Over the past seven months, the cannabis industry has seen a substantial uptick in investment, access to debt, and M&A activities. And while it is inspiring to see a flood of new money coming into the industry, it often comes with some pain for which cannabis companies are traditionally unprepared. This pain occurs in the form of due diligence. Rebel Rock is on the front lines of the due diligence march, regularly helping our clients with audit and review readiness. But what do those terms mean? And what is the difference between a compilation and standard financial statement preparation? The distinctions can be somewhat convoluted, but incredibly important.

What is an audit?

A financial statement audit is intended to provide the highest level of assurance to shareholders, lenders, and other interested parties that the information contained in the financial statements is free from material misstatement. Audits must be carried out by a CPA and also test the effectiveness of the internal controls around financial reporting. Through this process, the auditor can develop an opinion about whether the financial statements and related controls, provide a fair presentation of the company’s financial position. This opinion will be documented in the audit report, which accompanies the related financial statements.

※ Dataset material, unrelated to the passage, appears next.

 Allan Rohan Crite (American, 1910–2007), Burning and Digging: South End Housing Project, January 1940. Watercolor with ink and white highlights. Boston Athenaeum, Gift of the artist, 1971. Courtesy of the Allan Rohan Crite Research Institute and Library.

An audit can be elective or imposed, depending on the nature of the business and relevant stakeholders. For instance, public companies (i.e., those listed on the US stock exchange) must necessarily subject their financial statements to audit on a quarterly and annual basis. By contrast, private companies have no such regulatory requirements. However, if a company seeks commercial debt, for instance, the bank may require an annual audit to provide a loan. Indeed, a company may elect to undergo an audit to give more confidence in the integrity of the company’s financial reporting.

What is a review?

A review is similar to an audit. It is carried out by a CPA and intended to provide some level of assurance regarding the presentation of a company’s financial position. However, where an audit report will state an affirmative opinion regarding the accuracy of the financials, a review provides only limited assurance that the CPA did not find evidence of material misstatement within the financial reporting. A review consists of substantially less overall testing and relies more heavily on the representations of management. For instance, the effectiveness of internal controls is not assessed when performing a review.

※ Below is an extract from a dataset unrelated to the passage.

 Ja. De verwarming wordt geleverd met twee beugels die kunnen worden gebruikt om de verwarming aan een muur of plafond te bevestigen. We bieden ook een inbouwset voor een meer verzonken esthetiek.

In both instances, it should be noted that, although the CPA is providing some level of assurance to relevant parties, executive management of the company itself is still ultimately responsible for the information reported in their financials. In both instances, it should be noted that the CPA performing the audit or review procedures must be independent. That means the CPA cannot be involved in preparing any of the information that goes into the financial statements under examination.

What is a compilation?

The purpose of a compilation is to allow a CPA to assist a company with its financial reporting. In a compilation, no assurance is provided over the accuracy of the numbers being compiled. The CPA relies solely on the representations of management and performs no testing over the resulting financial report. While a CPA must be independent when performing audit or review procedures, this same independence is not required for compilation engagements.

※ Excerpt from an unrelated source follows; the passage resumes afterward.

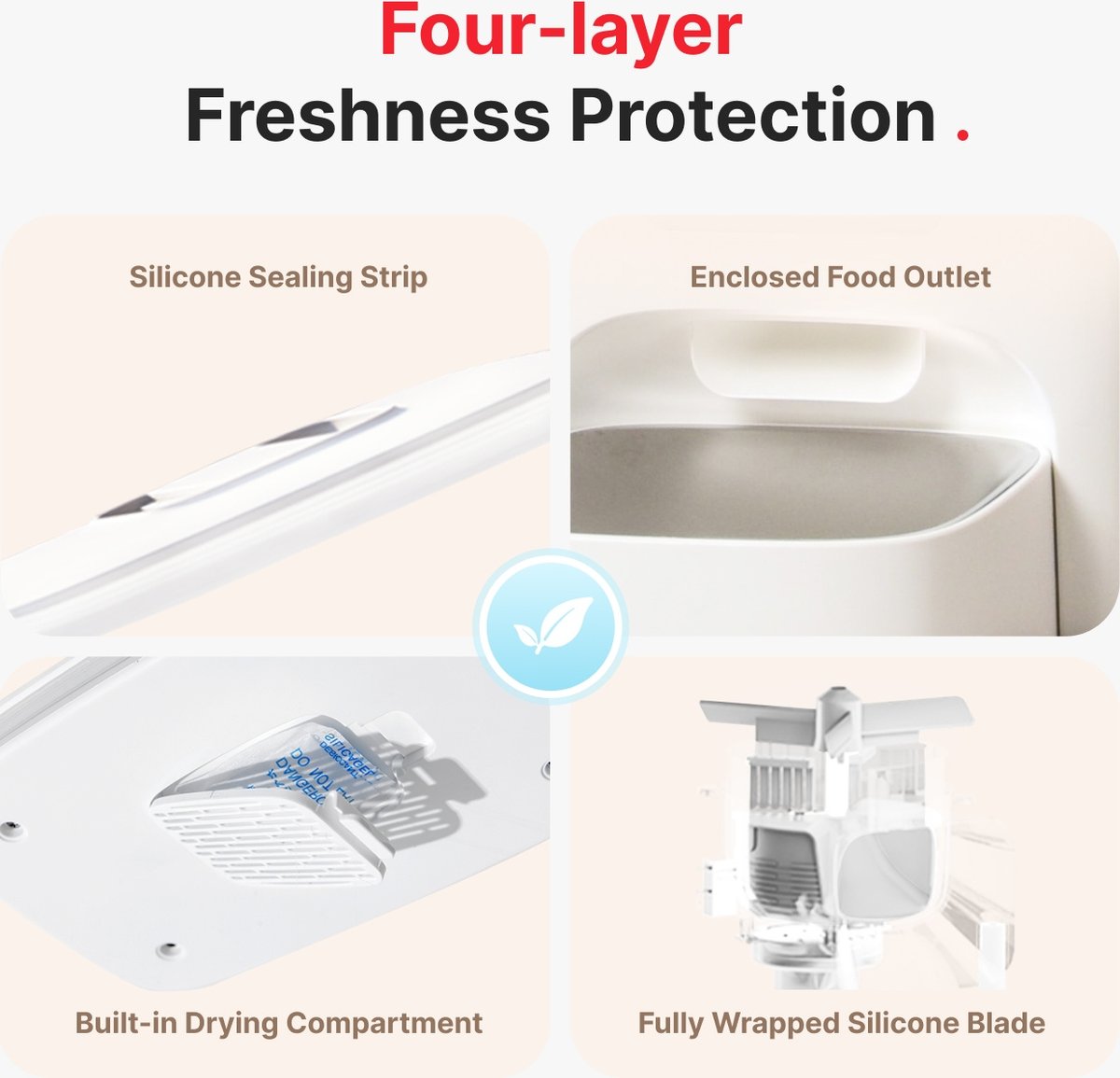 Fourfold protection lasts freshness for 30 days: builting-in drying compartment; silicone sealing strip; enclosed food outlet; fully wrapped silicone blade.

Why do I need an audit, review, or compilation?

Excluding the obvious requirement for public companies, a private company may be required to subject their financials to audit or review in connection with a funding event such as a commercial loan. However, audits and reviews can also make the due diligence process of ANY funding event go much smoother. In particular, most savvy investors understand the value of an audit or review opinion. Understanding the methods utilized by the CPA to gain confidence through their testing will give the investor confidence in the resulting opinion and numbers. The investor may require substantially fewer deliverables during due diligence because of the assurance already provided by the auditor or reviewer. This means less work for the business owner!

Further – audits, in particular, can be beneficial in identifying weaknesses in internal controls. Where weaknesses are identified, management can actively change procedures to ensure misstatements to the financials do not occur due to error or fraud.

By contrast, a compilation is typically useful when management is having a hard time determining how to record their financials on the proper basis of accounting or maybe generally lacks the accounting sophistication to create effective financial reporting altogether.

What will this cost me?

If you are wondering whether you need an audit, review, or compilation, it is imperative to weigh the cost against the benefit. In some cases, a business owner may have no choice to comply with the necessary covenants of their funding sources. However, when that is not the case, it is important to note that audits are generally costly. On the lowest end, they are likely in the range of $25,000 to $50,000.

A review is generally somewhat less expensive but will likely still come with a price tag in the tens of thousands.

The compilation cost will vary substantially on how much assistance the business owner needs. It should come as no surprise that more assistance will usually translate to more expense.

What can I do to prepare?

One of the biggest reasons that audits, reviews, and compilations can skyrocket in cost is the lack of preparedness on the part of the company under examination. If you are not sure what is needed to achieve a clean opinion from your audit or review, speak to a professional CPA, like those at Rebel Rock, with a background in audit to get an understanding of the overall process and deliverables. Also, if you are planning to solicit funding of any type, the time for that conversation is now. You do not want to wait until you are engaged in due diligence with an investor to need audited financials. This can substantially delay or even eliminate funding, as you will seem just as unprepared to your interested investor.